On a smaller scale gene flow from Lyrata to Arenosa can be observed in several populations, although putatively followed by backcrossing to Arenosa, not Lyrata, as indicated by plastid types. Results from STRUCTURE show that not only tetraploid Lyrata, but also the nearby populations of Arenosa show traces of introgression. This has not been shown before based on microsatellite loci used by Schmickl and Koch , and the extent observed in this study is somewhat surprisingly high. All populations of Arenosa from the study area investigated here show traces of Lyrata genome. While partial genetic assignment to the Lyrata cluster had been detected for populations directly adjacent to the introgression zone before, more specifically in the area around Mariazell in the eastern Austrian Forealps in the south and in the Wachau region at the north shore of the Danube river in the north , the results in this study indicates also partial assignment of an Arenosa population in the southern Czech Republic to Lyrata. Moreover, admixture was detected south of the introgression zone as far as to the distribution area of small range endemic and high alpine taxon A. arenosa subsp. arenosa var. intermedia. (pop. 210; Fig. 1). Tetraploid Carpathian Arenosa show no assignment to the Lyrata cluster at all, thus making polyploidy as the only explanation rather unlikely. Nevertheless, the traces of Lyrata genome found in high-alpine A. arenosa subsp. arenosa var. intermedia are surprising, considering the highly endemic and isolated distribution of this taxon in formerly alpine refugia.

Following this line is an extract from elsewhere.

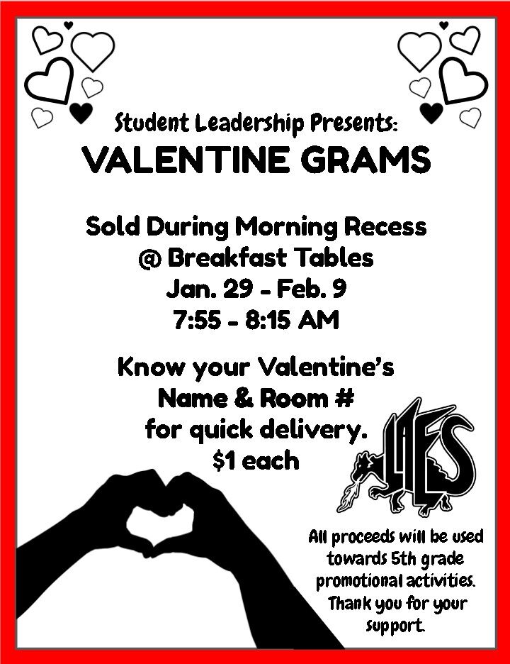 Just a reminder, tomorrow is the LAST DAY TO PURCHASE VALENTINE GRAMS!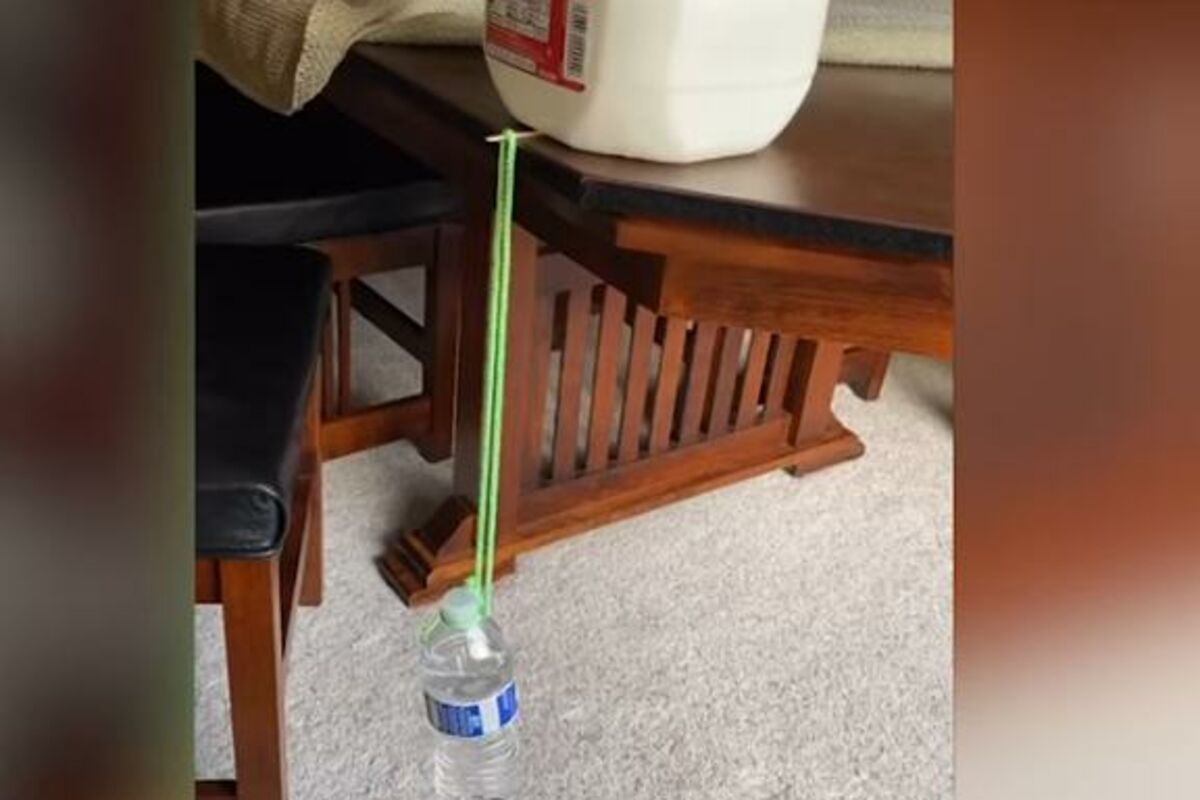 Potrebno vam je tri čačkalice, flaša vode i kanap kojim ćete vezati flašu za grlić. Da ne objašnjavamo, samo pogledajte i biće vam jasno:

Our findings with remarkable high amounts of Lyrata genome reported here from all populations of Arenosa within our total study area in Austria stand in sharp contrast to a recent study of Arenosa in Austria also based on whole genome sequence data, which found introgression from Lyrata into Arenosa only in one single serpentine adapted population . Furthermore, analysis of shared polymorphism indicates a high amount of unique variants in tetraploid Lyrata (Fig. 2), and analyses of reduced datasets including only one population of this taxon show that only part of this variation is shared between introgressed populations. The number of private alleles in tetraploid Lyrata is surprisingly high, considering that they allegedly arose through hybridization of diploid A. lyrata subsp. petraea with A. arenosa subsp. borbasii, both of which are well represented in our analyses. A recent hybridization event should result in a low number of private alleles in hybrids, as they recruit all their genetic variation from the parental species. The high amount might also suggest that the hybridization occurred long ago in the “southern” montane refugia and diversity hotspot (Fig. 4), and therefore new variants could accumulate in the populations and afterwards migrated north towards the Danube river system. Alternatively, we might argue that the parental species were not fully recovered in our sampling, e.g. that populations now extinct served as parents or that the other species of Arabidopsis that is present in Austria, A. halleri, also played a role in the origin of tetraploid Lyrata. Considering the high levels of gene flow between all lineages of Arabidopsis , this does not seem unlikely. A comprehensive survey of Novikova et al. 2016  did not show extensive gene flow between A. lyrata and A. halleri, but a preliminary population-based microsatellite study (Koch et al., unpublished) exemplified various A. halleri populations that are introgressed with A. arenosa, and we might assume that via this “bridge” A. halleri alleles might be able to enter even the genome of tetraploid A. lyrata.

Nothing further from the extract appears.